▶ **What the exercise asks**: Below is a listing. Return the lines from the one that contains "- Вес палатки: 2,3 кг" to the one that contains "Jane Soul pose seins nus sur la plage", both ends included, verbatim and with no pictures.

▶ **Information**:
============

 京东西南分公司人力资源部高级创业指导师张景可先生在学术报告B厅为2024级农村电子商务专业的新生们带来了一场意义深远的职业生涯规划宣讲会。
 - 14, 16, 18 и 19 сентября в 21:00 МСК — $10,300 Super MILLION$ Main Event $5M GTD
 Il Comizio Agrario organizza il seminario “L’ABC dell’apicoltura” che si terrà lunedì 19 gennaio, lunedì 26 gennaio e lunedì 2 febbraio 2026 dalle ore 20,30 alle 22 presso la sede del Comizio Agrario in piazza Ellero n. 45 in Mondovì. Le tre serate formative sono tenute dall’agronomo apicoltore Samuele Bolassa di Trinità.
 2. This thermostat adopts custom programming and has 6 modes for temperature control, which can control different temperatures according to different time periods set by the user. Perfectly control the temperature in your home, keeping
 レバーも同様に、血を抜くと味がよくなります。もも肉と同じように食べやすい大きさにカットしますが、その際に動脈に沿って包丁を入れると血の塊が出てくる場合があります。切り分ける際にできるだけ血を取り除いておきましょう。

============

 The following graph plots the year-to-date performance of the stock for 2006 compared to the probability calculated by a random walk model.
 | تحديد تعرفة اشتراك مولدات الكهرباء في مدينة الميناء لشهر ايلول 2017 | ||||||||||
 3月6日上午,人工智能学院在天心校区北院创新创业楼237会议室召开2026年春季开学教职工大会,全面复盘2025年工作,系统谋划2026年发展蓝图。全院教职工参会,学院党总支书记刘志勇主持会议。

============

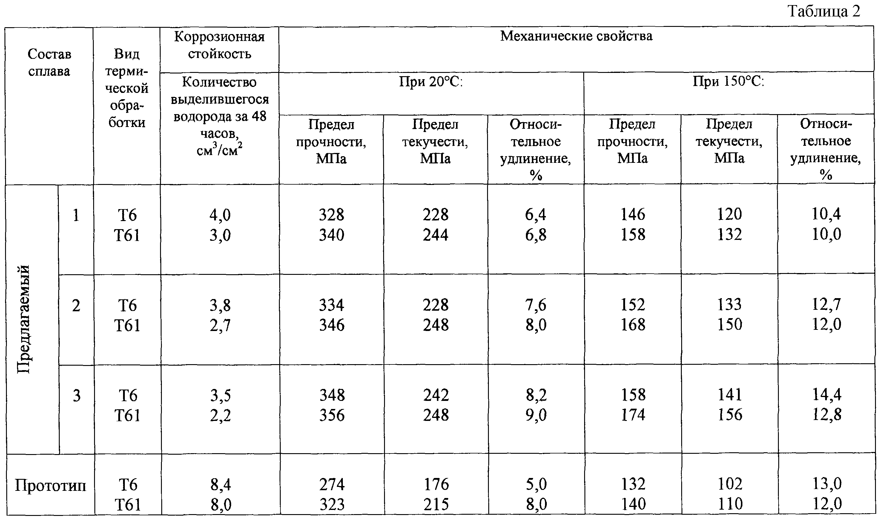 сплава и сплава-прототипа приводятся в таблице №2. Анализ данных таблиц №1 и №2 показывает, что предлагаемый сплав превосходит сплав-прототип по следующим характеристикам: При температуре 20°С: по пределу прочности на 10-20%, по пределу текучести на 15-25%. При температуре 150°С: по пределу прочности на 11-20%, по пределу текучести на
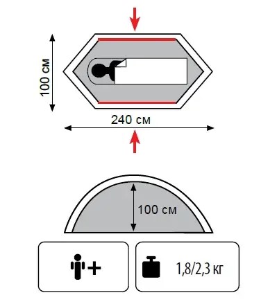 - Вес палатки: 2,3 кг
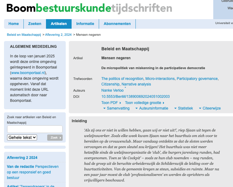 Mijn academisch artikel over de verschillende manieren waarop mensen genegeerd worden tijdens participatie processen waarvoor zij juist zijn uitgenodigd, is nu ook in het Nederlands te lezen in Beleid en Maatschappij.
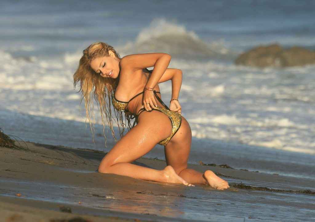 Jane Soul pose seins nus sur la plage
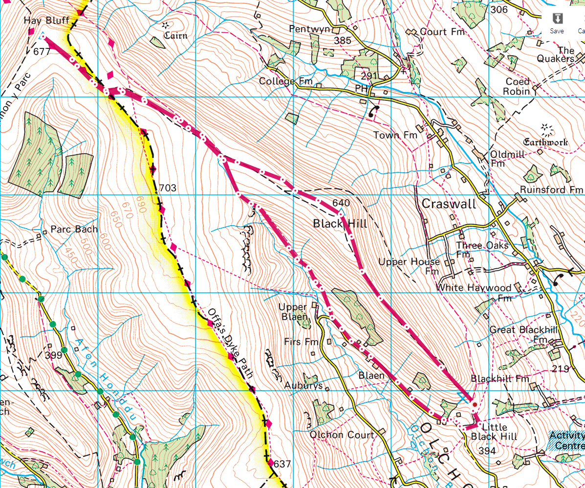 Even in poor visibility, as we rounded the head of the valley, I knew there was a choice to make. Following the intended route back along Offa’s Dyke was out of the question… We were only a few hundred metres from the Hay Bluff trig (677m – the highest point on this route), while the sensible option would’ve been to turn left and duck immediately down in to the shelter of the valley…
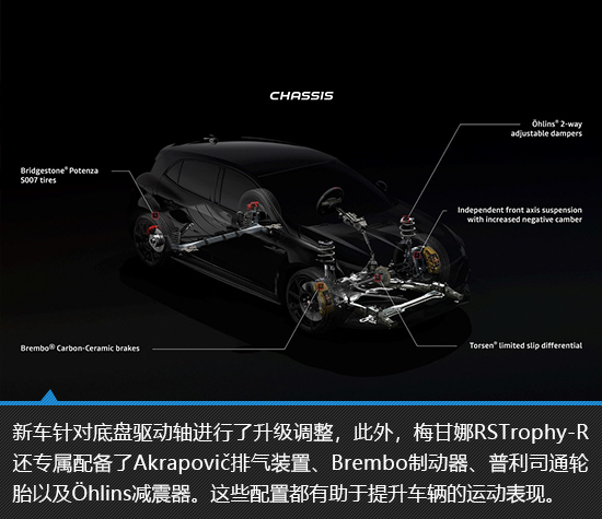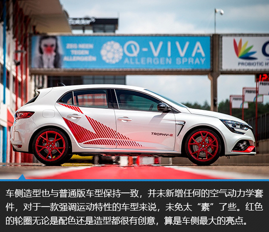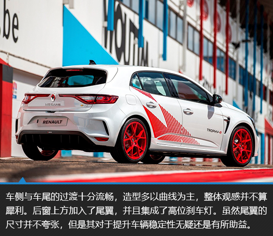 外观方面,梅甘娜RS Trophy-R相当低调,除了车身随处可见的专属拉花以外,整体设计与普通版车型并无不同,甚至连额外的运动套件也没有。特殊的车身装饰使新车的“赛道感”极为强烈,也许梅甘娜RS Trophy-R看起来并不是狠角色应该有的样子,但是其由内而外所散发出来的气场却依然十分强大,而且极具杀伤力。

============

▶ **Output below**:
 - Вес палатки: 2,3 кг
 Mijn academisch artikel over de verschillende manieren waarop mensen genegeerd worden tijdens participatie processen waarvoor zij juist zijn uitgenodigd, is nu ook in het Nederlands te lezen in Beleid en Maatschappij.
 Jane Soul pose seins nus sur la plage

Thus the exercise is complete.